At the same time, the government faces a serious dilemma. The more it routinely exempts minors and other vulnerable boat people from transfer to Malaysia, the more it will encourage the ruthless people-smuggling trade, with desperate families hoping that the acceptance of a son or daughter in Australia will allow the rest of the family to join them eventually.
Labor's then-immigration spokeswoman Julia Gillard claimed in 2003 that any boat arrival was a policy failure. In less than a month, five boats have arrived since Ms Gillard announced the Malaysian deal, in addition to 210 boats with more than 10,000 people that have turned up since Labor declared the Christmas Island facility a "white elephant" and scrapped the Coalition's border protection regime, including temporary protection visas. The Christmas Island boat tragedy in which 50 people drowned last year, the East Timor debacle and now the confusion over the Malaysian deal amount to three years of policy failures. And still the boats come.
US drone attacks gain ground
IN terms of importance to the battle against terrorism, the killing of the notorious militant commander Ilyas Kashmiri in a US drone attack in Pakistan is not far behind the death of Osama bin Laden.
The hope must be that Islamabad will spare us a replay of its confected outrage over alleged violation of its national sovereignty when the al-Qa'ida leader was targeted.
Kashmiri was as bad as they come. An associate of Wall Street Journal reporter Daniel Pearl's kidnappers, he gained infamy when he decapitated an Indian soldier in Kashmir and posed for photos holding the head. As a member of Pakistan's Special Services Group in the 1980s, he trained militants battling the Soviets in Afghanistan. As leader of the Harkat-ul-Jihad-al-Islami jihadists allied to al-Qa'ida, he was linked to the 2008 assault on Mumbai, an onslaught against military headquarters in Rawalpindi and last month's siege of the Mehran naval base in Karachi. That he has now been killed in one of the Predator drone attacks that Islamabad, in public at least, has been up in arms about is a reflection of the value of those strikes and Washington's welcome determination to ignore Pakistan's carping over violations of national sovereignty and get on with a job Islamabad itself is failing to do.
The incontrovertible reality is that as long as Pakistan dickers and fails to confront the militants in the way it should, there will be no progress in the war in Afghanistan. The Durand Line border is artificial. Jihadists, when they want a respite from coalition onslaughts in Afghanistan, cross into Pakistan where they know they will remain untroubled by Islamabad's forces. That scenario is unsustainable. The US is right to ignore Pakistan's protests and continue the drone attacks which, since 2008 when they were launched by the Bush administration, have killed 1400 militants.
To mask its feebleness in dealing with terror, Pakistan complains that each such attack involves loss of civilian life and that this recruits new followers for the militants. There may be something in that, but that is Islamabad's problem. After their credentials as allies were brought into question when bin Laden was found in Abbottabad, Pakistani authorities must expect the US and its allies will pursue high-value targets such as Kashmiri.
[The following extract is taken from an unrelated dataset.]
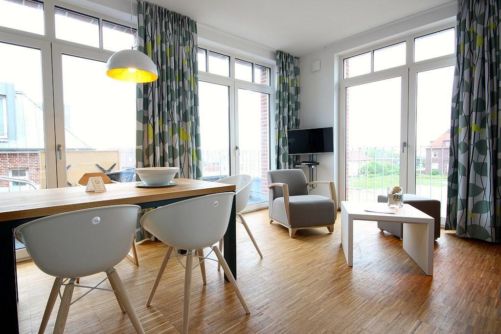Das barrierearme und helle Apartment mit Meerblick verfügt über kostenfreies WLAN und eine voll ausgestattete offene Küche mit Geschirrspüler, Gefrierfach, Kaffeemaschine, Toaster, Wasserkocher und Backofen. Beide Schlafzimmer sind jeweils mit einem Doppelbett ausgestattet; im Wohnbereich befindet sich eine Doppelschlafcouch sowie ein Flatscreen-TV. Ein Kinderbett kann gegen Entgelt aufgestellt werden. Im modernen und hellen Badezimmer befindet sich eine große begehbare Dusche sowie ein Waschtisch mit Föhn und Kosmetikspiegel. Auf dem sonnenreichen Südbalkon könnt ihr den ganzen Tag die Sonne bei wohltuendem Meeresklima genießen.

If they can't do the job themselves, they must let others do it for them.
A destructive siege mentality
AS part of his inquiry into the "effectiveness and functions of the senior structure of Victoria Police command", Jack Rush QC must thoroughly investigate the Office of Police Integrity's decision to eavesdrop on the personal phone calls of deputy police commissioner Ken Jones and his wife.
The surveillance, based on information provided by Chief Commissioner Simon Overland, who told Sir Ken to take leave and clear his desk, is indicative of the paranoia that can some times overtake crime-fighting organisations. It arises when they overreach and become more obsessed with buttressing their own powers than serving the public interest by doing the job for which they were established. The tapping of the work and mobile phones of one of Police Minister and Deputy Premier Peter Ryan's most senior staff members reflects the same fortress mentality.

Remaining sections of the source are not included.